The 23-question form looks like a standard job application — save for the black ISIS logo in the top right corner.
Thousands of documents apparently leaked from inside ISIS paint a detailed picture of the terror group's personnel, including a 20-year-old from Minneapolis with just a high-school education.
NBC News was among several media organizations to obtain a trove of recruitment forms from a man who claims to be a disillusioned ISIS fighter who recently defected.
The questions start off mundane — name, nickname, date of birth, education — and then shift to the more sinister.
Fields ask about previous fighting experience, blood type, special skills, level of obedience and whether the applicant is interested in fighting or becoming a suicide attacker.
The forms also ask for "countries traveled" to clarify the route to ISIS' caliphate and who can vouch for the recruit.
More than 22,000 jihadis are named in the files and some 51 nationalities represented, according to Britain's Sky News. The broadcaster — which also obtained and reviewed the documents — said many of the names were already "well-known" jihadis, such Londoner Abdel Bary.

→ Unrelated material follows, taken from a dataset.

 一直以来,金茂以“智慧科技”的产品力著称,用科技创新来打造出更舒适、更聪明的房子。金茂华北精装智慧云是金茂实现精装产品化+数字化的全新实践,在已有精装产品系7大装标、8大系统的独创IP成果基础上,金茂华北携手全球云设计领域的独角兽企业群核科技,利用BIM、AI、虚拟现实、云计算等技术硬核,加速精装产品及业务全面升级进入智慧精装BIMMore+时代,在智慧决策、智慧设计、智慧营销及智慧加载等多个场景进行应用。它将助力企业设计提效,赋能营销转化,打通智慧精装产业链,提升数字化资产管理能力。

Other forms bore the names of jihadis known to have died on the battlefield, like former ISIS media-wing head Junaid Hussain.
German intelligence officials are reviewing the files, according to local media there.

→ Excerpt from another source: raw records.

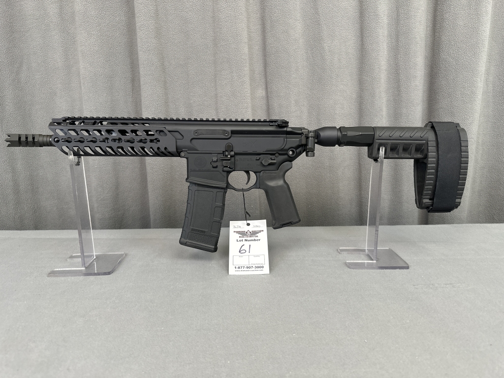 LOT 9. SIG SAUER 5.56 SWAT, 16″ 1:7 TWIST BARREL, FOLDING STOCK, QUAD RAIL, SIG HARD CASE. SN: JS026940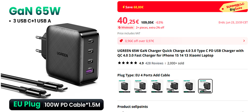 На 65вт только три порта, а на четыре - только 100вт, и в полтора раза дороже.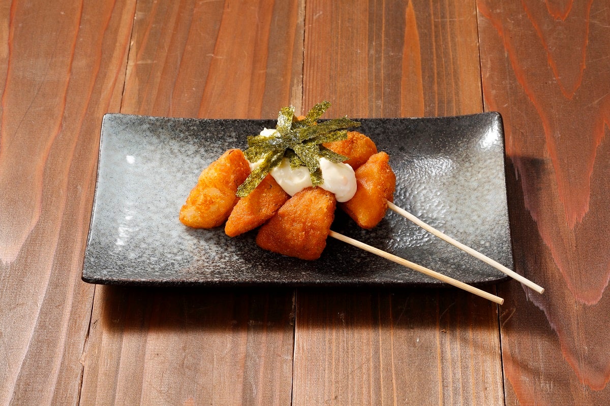 乱切りにした国産長芋の唐揚げをオリジナルタルタルソースでお召し上がりください。

Federal police believe "that the documents are authentic," German Interior Minister Thomas de Maiziere said in an emailed statement noting the potential intelligence value of the trove.
"They provide a great chance for the procedure of furnishing proof and the participation also of Germans in terror activities," he said. "With this, we also better understand the structures of this terror organization and it will possibly function as a deterrent for some young radical people."
The cache could offer critical information to intelligence agencies — from routes taken by foreign fighters to previously-unknown recruits and recruiters.
The leak and its origin deal a blow ISIS itself, too, signaling weakness at a time when the organization has been coming under increasing pressure.
Defense officials in recent weeks captured an ISIS official who has reportedly offered valuable information on the group's chemical weapons and operations while under interrogation.
U.S. airstrikes have been pounding ISIS weapons depots and an airstrike also is believed to have killed a top ISIS commander known as "Omar the Chechen" in Syria last week.